For further information: https://docs.softwareheritage.org/devel/swh-model/data-model.html#data-model
-
Case 1: the "host forge" is already archived in SWH? No need to do a "Save code now" for the code repository nor to make a "Add forge now". The forge is already harvested. You can check the origins harvested here: https://archive.softwareheritage.org/
The only action to plan is maybe doing a "Save again" if the archived version is not up to date, which is very easy to see with browser extensions: https://www.softwareheritage.org/browser-extensions/
-
Case 2: the "host forge" is not archived yet in SWH: then, it's necessary to archive the code repository, using the different "Save code now" options, as described here: https://docs.softwareheritage.org/#landing-preserve.
Another option is to make a request to archive the complete host forge but the process takes more time because it calls for a validation from the technical team. So, it depends on your need. If you’re only interested in the project that migrated, then, it’s more accurate to make a “Save code now”.
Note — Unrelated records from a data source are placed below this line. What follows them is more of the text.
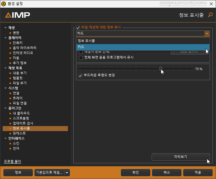 AIMP 플레이어 파일 재생에 대한 정보를 카드로 표시 설정하는 방법은 '☑ 파일 재생에 대한 정보 표시' 바로 아래의 '정보 표시줄 ▽'의 하단 콤보 버튼을 눌러 '카드'로 선택하면, 세부 메뉴가 '☑ 부드러운 투명도 변경'의 막대바 이동 버튼 기본값 75%'로 변경되어 적용 됩니다.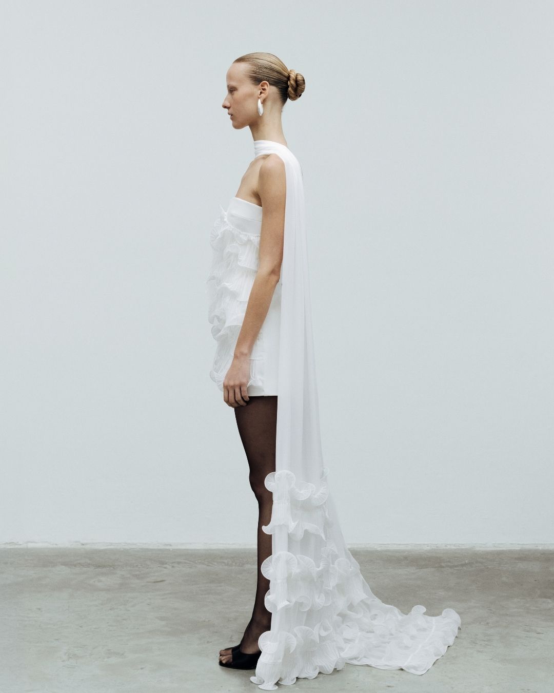 Solene-Lace Mini Dress With Silk Tuxedo Collar
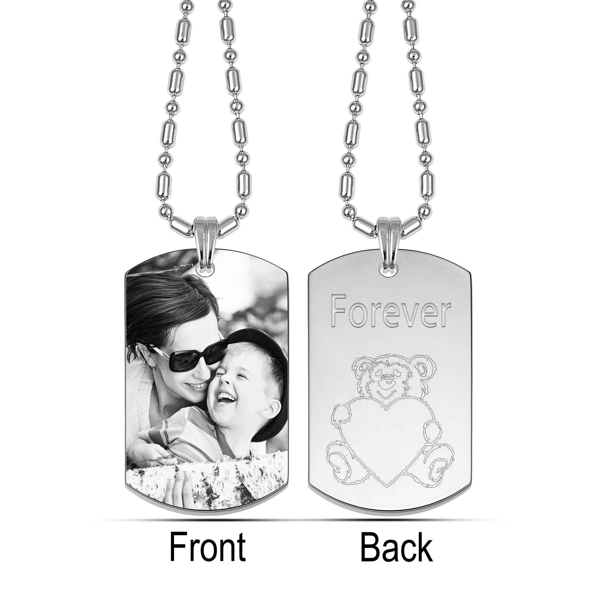 Silver Photo Engraved Dog Tag Pendant
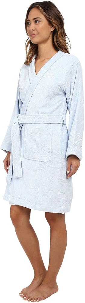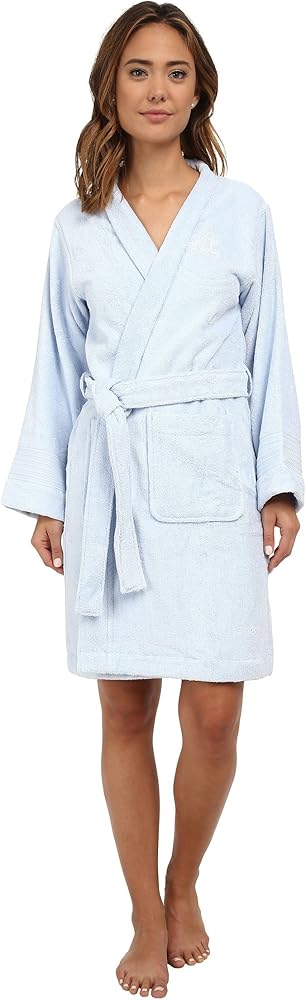 A classic, comfortable robe you can wear all year round. Long-sleeve robe is fabricated from a cotton woven terry. Banded collar and front. Embroidered logo at chest. Detachable self waist tie. Side belt loops. Front patch pockets. Decorative seaming encircles the cuffs. Falls at the knee. 100% cotton. Machine wash cold, tumble dry low.

For further information: Pietri, A., Rousseau, G., & Zacchiroli, S. (2020). Forking Without Clicking: On How to Identify Software Repository Forks. Proceedings of the 17th International Conference on Mining Software Repositories, 277–287. https://doi.org/10.1145/3379597.3387450
The developers of a project have the possibility to integrate links to the archived version in the home forge in the README for example. And do the other way round for the project that migrated: integrate the SWHID of the initial project into the README of the project that migrated.
Validation workflow
- identify question
- identify source
- verify duplication in faq.md
- draft answer
- get feedback from team
- validate by Morane / Benoît / Roberto (depends on scope)